Cumhurbaşkanı Recep Tayyip Erdoğan, Kartal Dr. Lütfi Kırdar Şehir Hastanesi'nin İstanbul'a yakışır bir eser olmasının yanı sıra çevreye duyarlı, depreme dayanıklı olmasını istediklerini belirterek, "Hastane bina zemininde bulunan 855 izolatörle İstanbul'un depreme en hazırlıklı, en dayanıklı tesislerinden birisi olmuştur" dedi.
Dr. Lütfi Kırdar'ın vefatının son derece trajik olduğunu anlatan Erdoğan, şöyle devam etti:
"Yassıada mahkemelerinin acımasızlığından payını alanlardan biri de merhum Lütfi Kırdar'dır. Lütfi Kırdar, Yassıada'da birçok uyduruk davadan yargılanmıştır. Bunlardan birisi CHP'nin kışkırtmasıyla düzenlenen 28-29 Nisan öğrenci olaylarıdır. Öğrencilerin öldürüldüğü, hatta kıyma makinesine atıldığı gibi pek çok yalanın havada uçuştuğu yargılamalar sırasında Mahkeme Başkanı, Lütfi Kırdar'ı huzuruna çağırır. Mahkeme Başkanı malum Salim Başol, merhum Kırdar'a görevi ve davayla hiçbir alakası olmayan şu soruyu sorar: 'İstanbul'a büyük hizmetler yapmış bir kimsesiniz. Neden CHP'den istifa ederek Demokrat Parti'ye geçtiniz?' Merhum Lütfi Kırdar, 'Demokrat Parti...' diyerek söze başladığı esnada birden fenalaşır ve sandalyeye oturmak için izin ister. Ancak Mahkeme Başkanı buna müsaade etmez. İğrenç iftiralar ve hakaretlere maruz kalan Lütfi Kırdar'ın kalbi bu kadar haksızlığa daha fazla dayanamaz. 17 Şubat'ta iki askerin kollarında mahkeme salonundan çıkarılırken oğlu ve yol arkadaşlarının gözleri önünde vefat eder."
'Milletimiz bu insanları bağrına basmıştır'
Cumhurbaşkanı Erdoğan, Lütfi Kırdar'ın vefatından üç gün önce ailesine yazdığı mektubun, onun asaletini, metanetini, millet ve memleket sevdasını göstermesi bakımından çok önemli olduğunu belirterek, söz konusu mektuptan şu cümleleri aktardı:
"Muhterem eşim, aziz oğlum inşallah hep iyisiniz.

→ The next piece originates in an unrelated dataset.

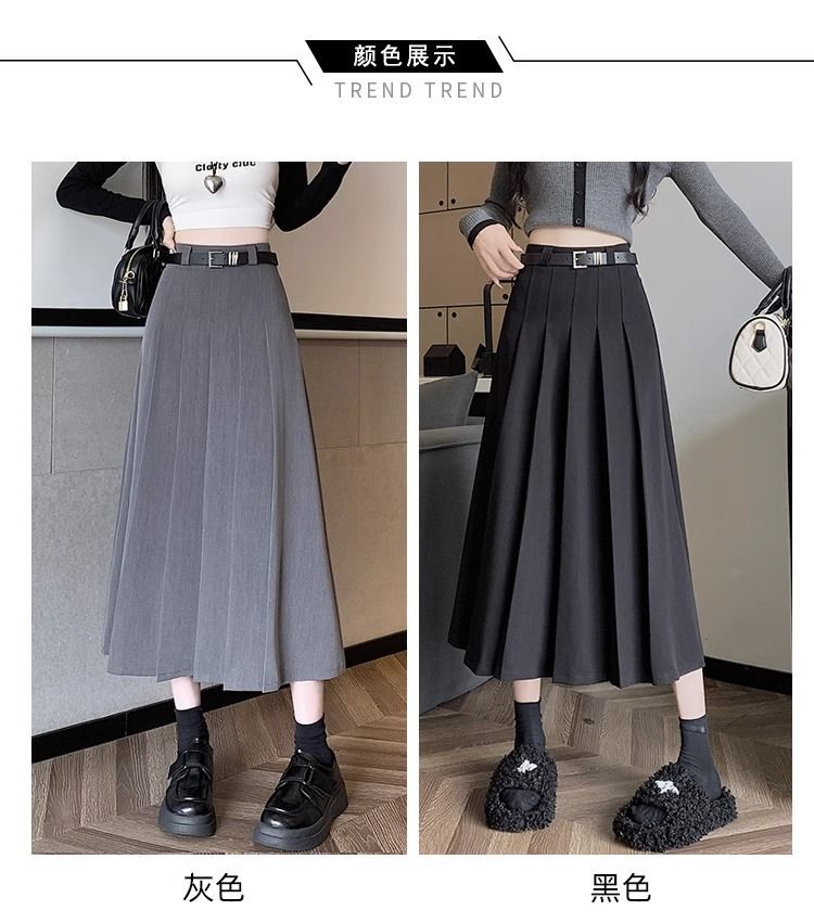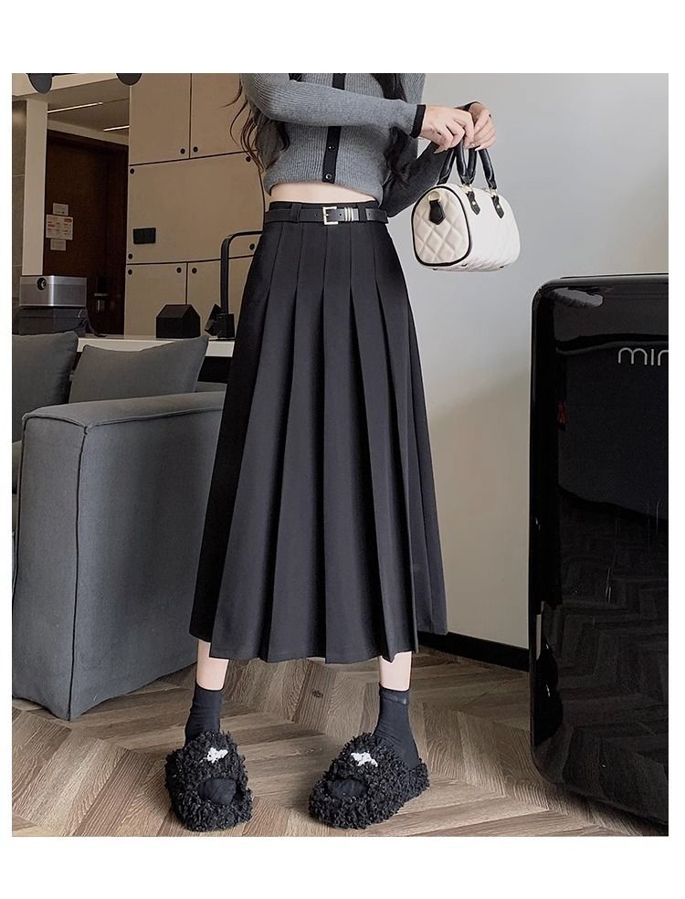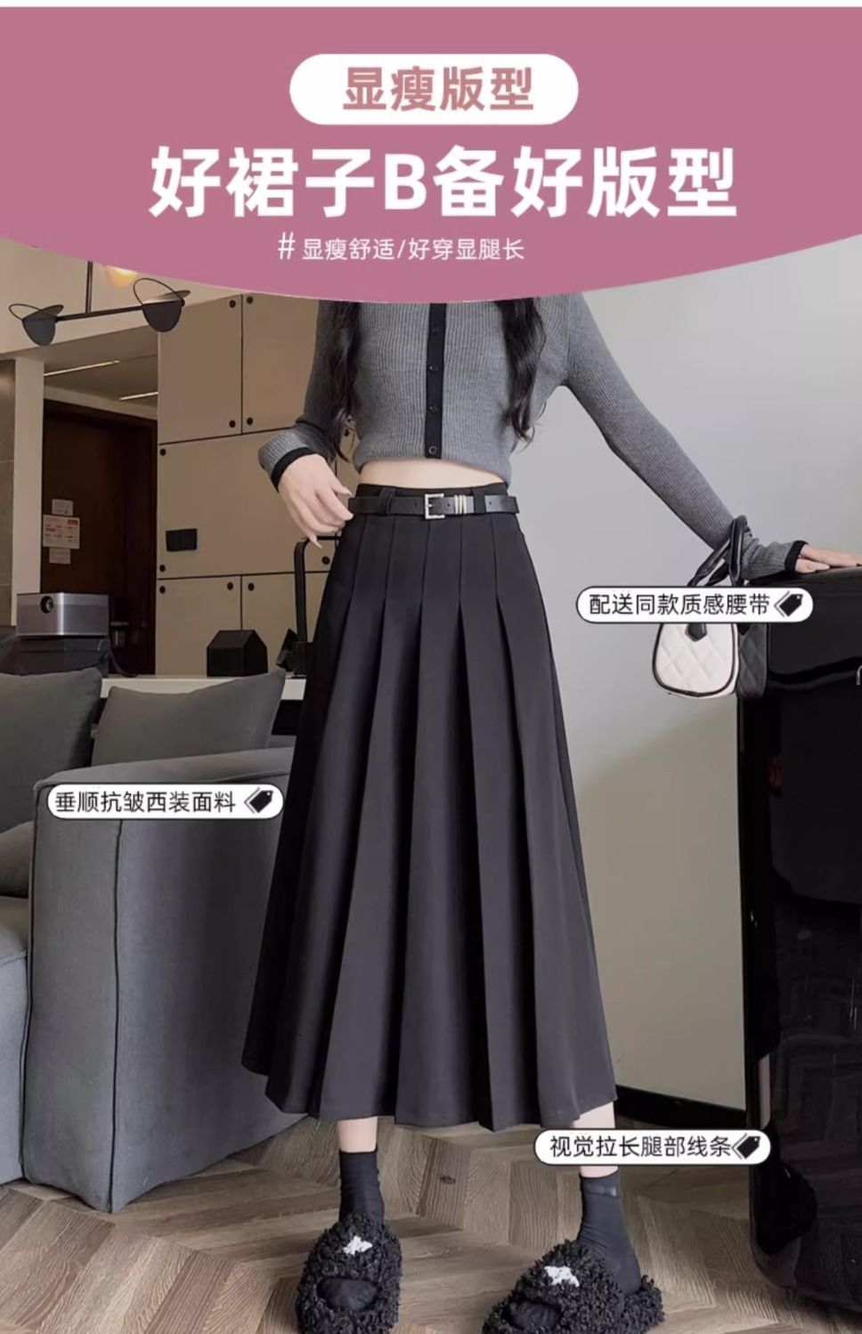 送腰带【学院风百褶裙】春季新款黑色中长款半身裙 高腰显瘦A字西装半身裙子

Ben de iyiyim. Şimdi bu mektubu yazdıktan sonra hazırlanarak vazifeye gideceğim. Vazife diyorum, çünkü yazdığınız gibi kabul etmek lazım. Bu da hizmetlerimizin bir hesap vermesi, hayırlısı Allah'tandır. Hakikaten vicdanen çok huzurluyum, çok rahatım. Çünkü hayatımda daima yalnız dürüst değil aynı zamanda feragatle çalıştım. Bu sıkıntılarımı kadere atfediyorum. Ne olacaksa olsun, siz üzülmeyin."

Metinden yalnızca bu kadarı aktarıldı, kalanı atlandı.